Everything else: Virtual adapters are still assigned to a specific physical adapter, but this will only apply to outbound traffic. The MAC addresses of all these adapters appear on the combined link on the physical switch side, so it will decide how to send traffic to the virtual switch. Since there’s no way for the Hyper-V switch to know where inbound traffic for any given virtual adapter will be, it must register a VMQ for each virtual adapter on each physical adapter. This can quickly lead to queue depletion.

Recommendations for Hyper-V Port Distribution Mode

If you somehow landed here because you’re interested in teaming but you’re not interested in Hyper-V, then this is the worst possible distribution mode you can pick. It only distributes virtual adapters. The team adapter will be permanently stuck on the primary physical adapter for sending operations. The physical switch can still distribute traffic if the team is in a switch-dependent mode.
By the same token, you don’t want to use this mode if you’re teaming from within a virtual machine. It will be pointless.

Something else to keep in mind is that outbound traffic from a VM is always limited to a single physical adapter. For 10 Gb connections, that’s probably not an issue. For 1 Gb, think about your workloads.

For 2012 (not R2), this is a really good distribution method for inbound traffic if you are using the switch-independent mode. This is the only one of the load-balancing modes that doesn’t force all inbound traffic to the primary adapter when the team is switch-independent. If you’re using any of the switch-dependent modes, then the best determinant is usually the ratio of virtual adapters to physical adapters. 

The higher that number is, the better result you’re likely to get from the Hyper-V port mode. However, before just taking that and running off, I suggest that you continue reading about the hash modes and think about how it relates to the loads you use in your organization.

For 2012 R2 and later, the official word is that the new Dynamic mode universally supersedes all applications of Hyper-V port. I have a tendency to agree, and you’d be hard-pressed to find a situation where it would be inappropriate. That said, I recommend that you continue reading so you get all the information needed to compare the reasons for the recommendations against your own system and expectations.

Hash Load-Balancing Algorithms

The umbrella term for the various hash balancing methods is “address hash”. This covers three different possible hashing modes in an order of preference. Of these, the best selection is the “Transport Ports”. The term “4-tuple” is often seen with this mode. All that means is that when deciding how to balance outbound traffic, four criteria are considered. These are: source IP address, source port, destination IP address, destination port.

Each time traffic is presented to the team for outbound transmission, it needs to decide which of the team members it will use. At a very high level, this is just a round-robin distribution. But, it’s inefficient to simply set the next outbound packet onto the next path in the rotation. Depending on contention, there could be a lot of issues with stream sequencing. So, as explained in the earlier linked posts, the way that the general system works is that a single TCP stream stays on a single physical path.

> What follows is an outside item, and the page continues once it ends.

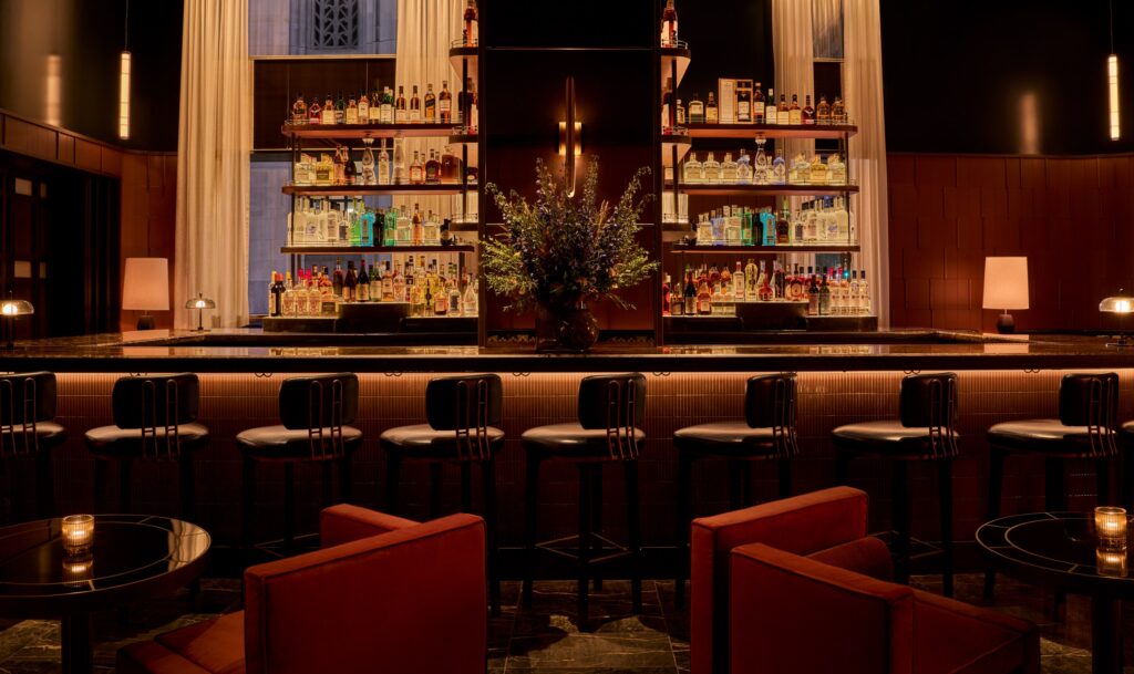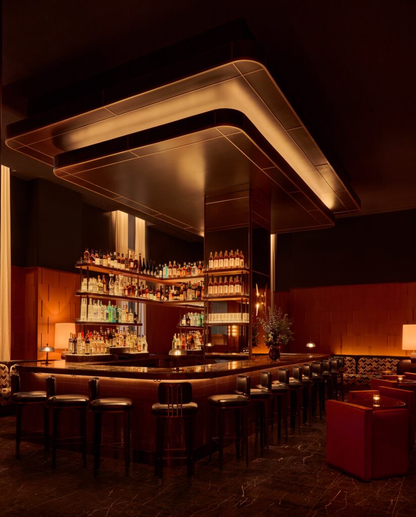 Guests enter through a double-height entrance leading to the bar area, designed with soft lighting that highlights furniture details and the counter while echoing New York’s Art Deco influences. From here, guests access the main dining room, which features a symmetrical layout of tables and seating and a selection of high-quality materials: marble, leather, wood finishes, and metals.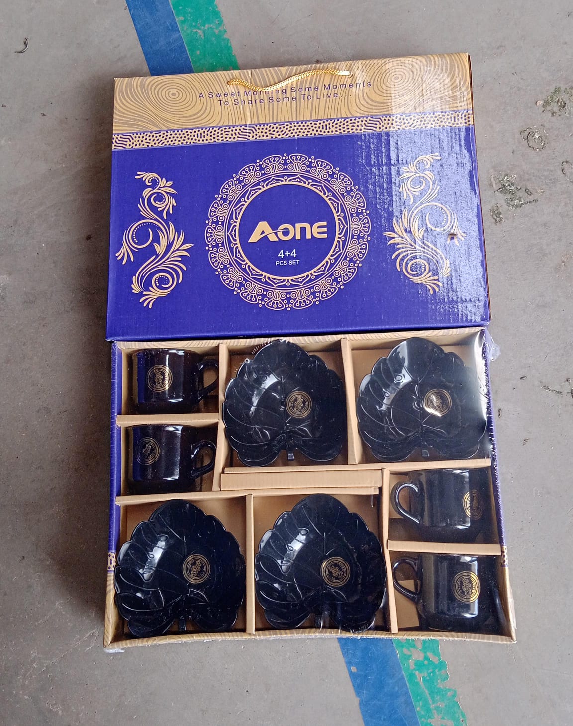 A One Ceramic Tea / cups / Mug Set With Leaf Shape Serving Bowl (8 Pcs set)

In order to stay on top of this, the load-balancing system maintains a hash table. A hash table is nothing more than a list of entries with more than one value, with each entry being unique from all the others based on the values contained in that entry.

To explain this, we’ll work through a complete example. We’ll start with an empty team passing no traffic. A request comes in to the team to send from a VM with IP address to the Techsupportpk web address. The team sends that packet out the first adapter in the team and places a record for it in a hash table:

Source IP Source Port Destination IP Destination Port Physical Adapter 49152 80 1

Right after that, the same VM request a web page from the Microsoft web site. The team compares it to the first entry:

Source IP Source Port Destination IP Destination Port Physical Adapter 49152 80 1 49153 80 ?

The source ports and the destination IPs are different, so it sends the packet out the next available physical adapter in the rotation and saves a record of it in the hash table. This is the pattern that will be followed for subsequent packets; if any of the four fields for an entry make it unique when compared to all current entries in the table, it will be balanced to the next adapter.

As we know, TCP “conversations” are ongoing streams composed of multiple packets. The client’s web browser will continue sending requests to the above systems. The additional packets headed to the Techsupportpk site will continue to match on the first hash entry, so they will continue to use the first physical adapter.

IP and MAC Address Hashing

Not all communications have the capability of participating in the 4-tuple hash. For instance, ICMP (ping) messages only use IP addresses, not ports. Non-TCP/IP traffic won’t even have that. In those cases, the hash algorithm will fall back from the 4-tuple method to the most suitable of the 2-tuple matches. These aren’t as granular, so the balancing won’t be as even, but it’s better than nothing.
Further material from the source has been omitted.